Издалека донесся колокольный звон.
— Крестный ход начинается, — сказала Маша, — а мы здесь, мы невесть кого преследуем…
— Вот это и есть наш с тобой крестный ход, — огрызнулся Андрей. — Крестный бег! Ты думаешь, мы только за Гришу хотим посчитаться? Мы хотим город от гадины избавить. Вот как этот «царь на коне», — Соломин показал монету. — Маша, пойми — нельзя на полпути останавливаться!
— Ты убьешь Евгению?
— Я ее Шешковскому сдам. Она, чай, во многих знатных домах наследила.
Машино молчание означало сомнение.
Возок слегка занесло на повороте, но Тимошка справился. Андрей представил себе, как парень сейчас доволен: и езда не хуже ямской гоньбы, и Венецкий обещал, когда все дела уладятся, отдать ему Дуняшку. У Тимошки был свой полег сквозь весеннюю метель, только у него-то это был полет к счастью…
— Который час? — спросил Андрей.
Дорогие часы, подарок мужа, были приколоты к Машиному корсажу на цепочке-шатлене. Она расстегнула шубку, достала их — но не смогла рассмотреть циферблат.

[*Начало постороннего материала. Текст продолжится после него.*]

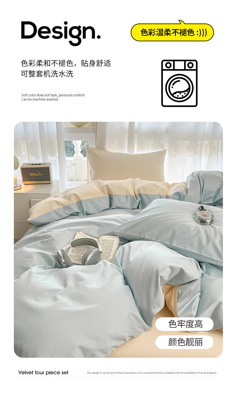신형 더블 플리스 롱벨벳 코튼 4종 세트, 순면 럭셔리 이불 커버, 순면 침대 시트, 침대 커버 3종 세트스토어 가기

— Да уж за полночь, поди, — сказала она. — Тогда — что же? Христос воскресе?
— Воистину воскресе, — подтвердил Андрей и поцеловал Машу в щеку. — Жаль, крашеного яичка нет.
— Завтра на торгу корзину яичек тебе купим — христосоваться…
— И куличей, и пасху нарядную…
— И за стол… как семья…
У них сейчас было на двоих одно воспоминание — о том, чего наяву с ними не случилось: маленький Андрей, в нарядном кафтанчике, причесанный по-взрослому, с тонкой белой косицей и букольками, и маленькая Маша, одетая тоже по-взрослому, в длинное платьице со шнурованьем, нарумяненная, как большая, но с прической детской, с обычной косой, стояли, взявшись за руки, в дверях большой столовой, и из туманной глубины им улыбались отец и мать, общие отец и мать, причем и Андрей не мог разобрать толком их лиц, и Маша — тоже.
Возок летел за всадниками, и время летело. Откуда-то опять донесся колокольный звон, предваряющий литургию, и близилось утро — апрель, светать начинает в половине седьмого. Андрею казалось, что он непременно в это утро увидит свет…
Вдруг восторженный хор волчьих голосов долетел сквозь метель.
— Это что? — встревожилась Маша.
— Они ее куда-то загнали. Потерпи, немного уж осталось. — Андрей, высунувшись в окошко, закричал кучеру: — Скорее, скорее, скорее!
Однако Тимошка уже видел, где стоят на дороге всадники, и, не желая проскочить мимо них, стал унимать коней.
Возок остановился. Еремей, соскочив с запяток, распахнул дверцу:
— Ну, кажись, поймали пташку! Выходи, сударик мой.
Подъехал и Венецкий.
— Соломин, с тебя причитается! Спирьку благодари — он первый углядел, что сани поворачивать собрались.